Something similar is attempted by other authors who analyze not so much the nature of the artificial as the way in which it has been possible for so intricate and complex a system of objects and relationships to arise as those produced by modern technology. What is involved here is a more sociological than anthropological study: it leaves to anthropologists the interesting topic of remote origins, but treats modern technology as a fact of reality and tries to discern where its evolution is taking us. Most of these authors are pessimistic in their assessment of the way social evolution is unfolding, given the impact of the undeniable achievements of modern technology, which, together with its benefits, brings society problems associated with its effectiveness, its gigantism, and the difficulty of controlling its effects on the environment and on society itself.
Without diminishing in the slightest the weight of the arguments put forward by these authors, we must nevertheless do justice to technological civilization by highlighting its undeniable successes in many fields: it has made the lives of a large part of humanity longer, easier, and more pleasant; it has freed great masses of people from the heaviest labor; it has made the material standard of living of most of the population in the developed world better than that of nobles in the Middle Ages. This also applies to the more recent concept of quality of life, which is somewhat less subject to ideological interpretations.
One of the most telling indicators of that fact is life expectancy at birth, which up to the year 1800 was 20 to 30 years, even in countries with the best standard of living.

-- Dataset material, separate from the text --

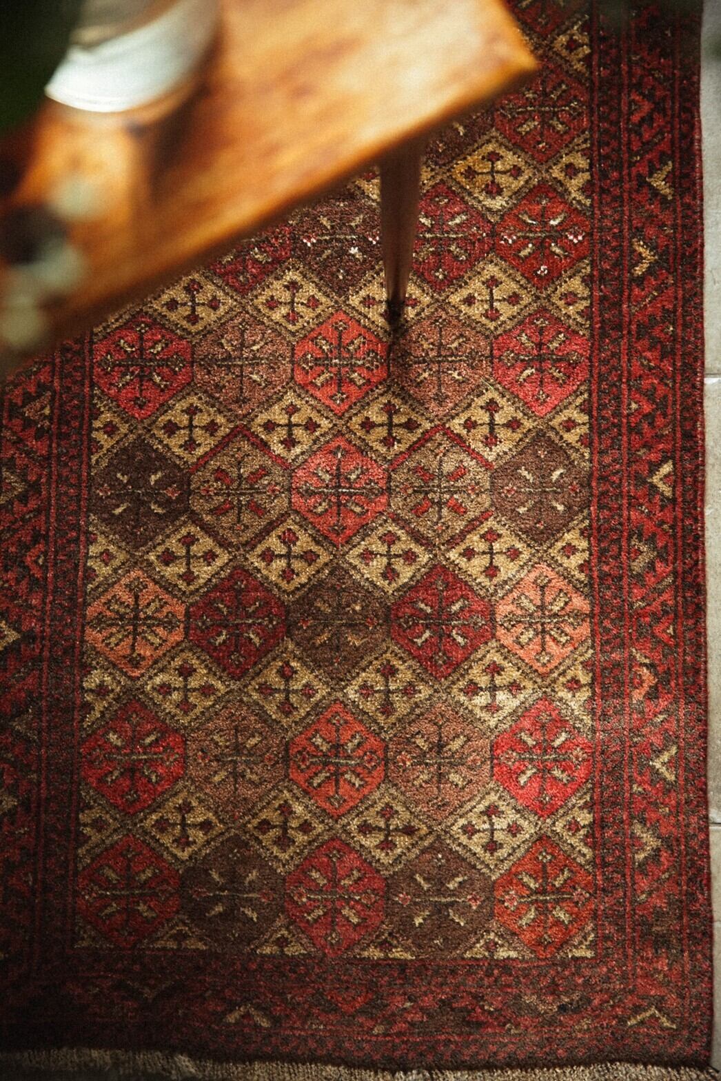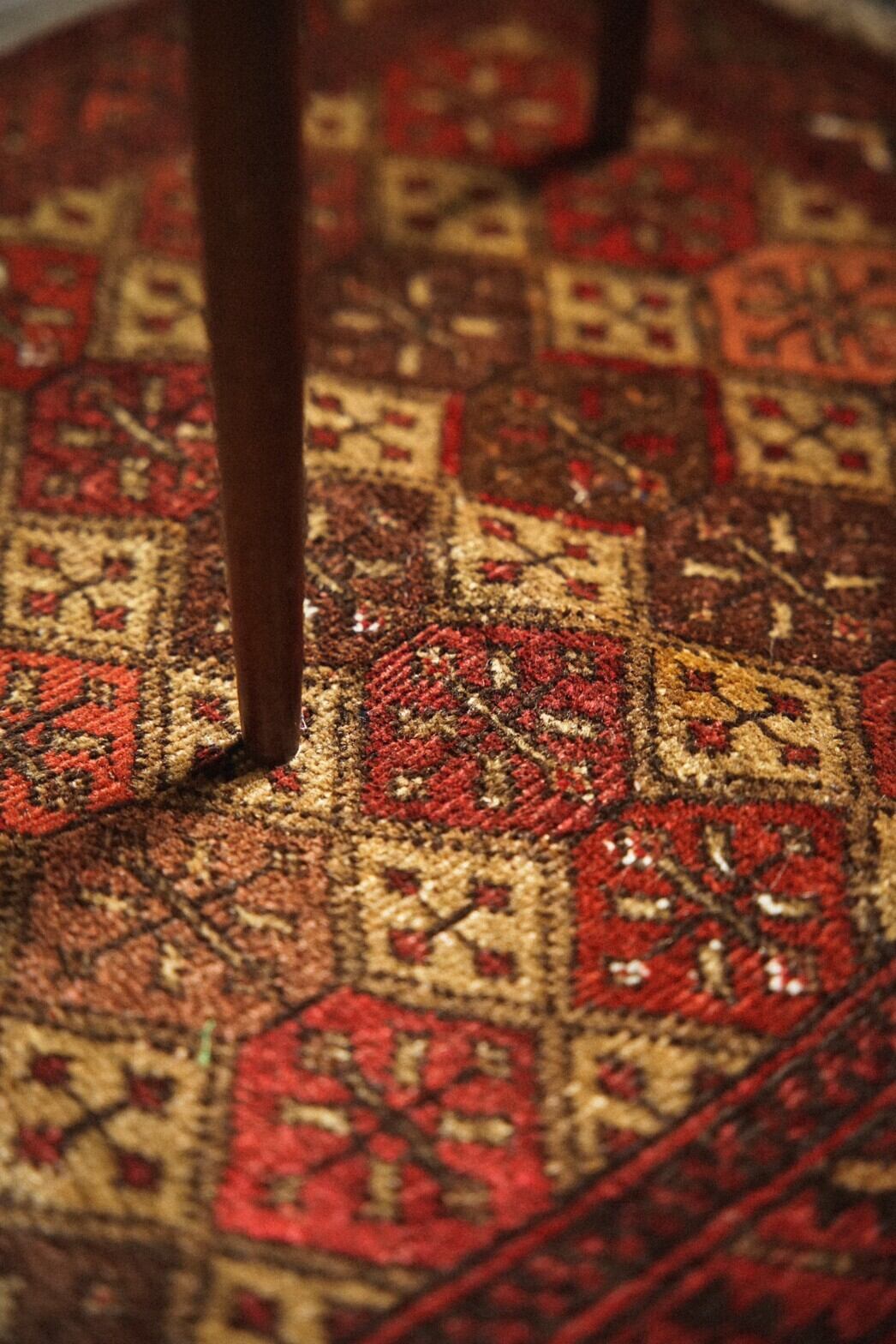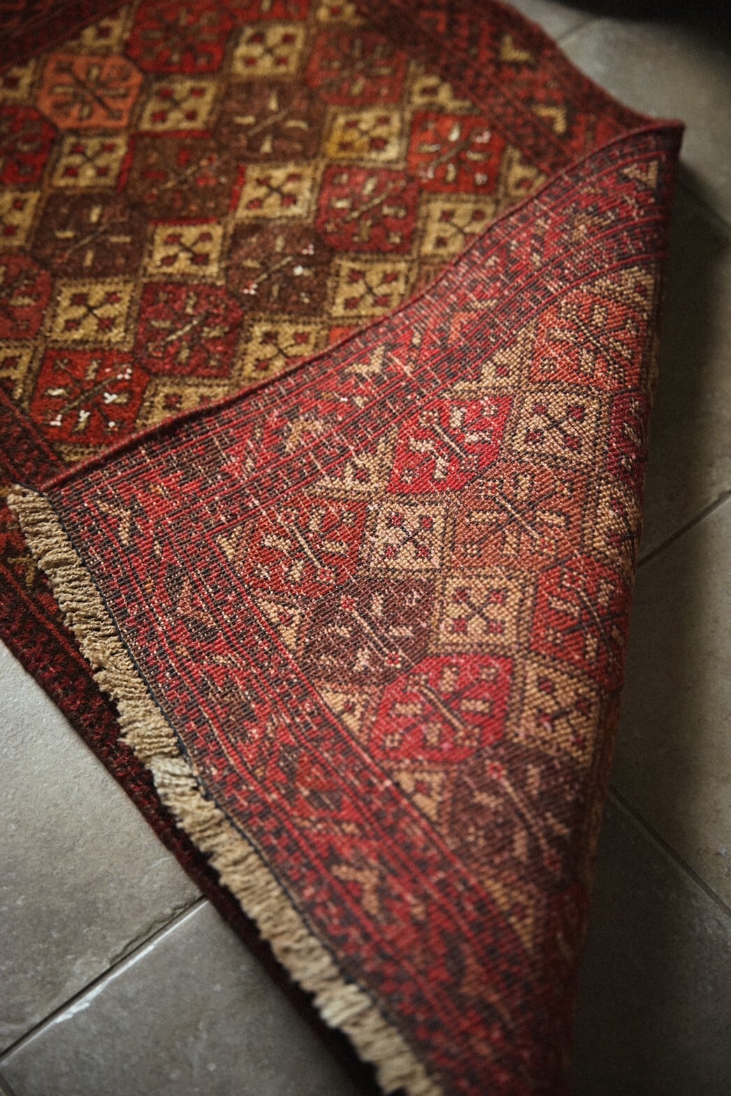 1970年代のトルクメンラグ。バリエーション豊かな赤色とベージュの組み合わせの菱形モチーフが並んでいます。パイルは短めですが、トルクメンラグならではの細かい織りで滑らかな手触り。目立ったダメージはございません。温かみのある色合いなので植物と組み合わせたり、ナチュラルインテリアとの相性もバッチリ。玄関やキッチン、パソコンデスクの下など使いやすいサイズ感なのでお気に入りの場所に敷いてみてください♪

The corresponding figure reached 40 years around 1870, 50 in 1915, 60 in 1930, 70 in 1955, and is in the 80s today. Modern technology has made wars far more deadly, but at the same time it has saved more lives than all the wars in the history of humanity.
Faced with the fears expressed by those who see in megatechnics above all a threat to the survival of the human species, and even of life as a whole, technophiles insist that just as experience and history indicate that in the past technology has always been able to solve every problem posed to it, it will surely be able to find solutions to the dangers now looming over the world’s ecological and social balance. Although it is possible that this will happen, the claim is laden with ideology: it expresses a faith in progress that many have abandoned, and in the political and economic interests of the dominant system.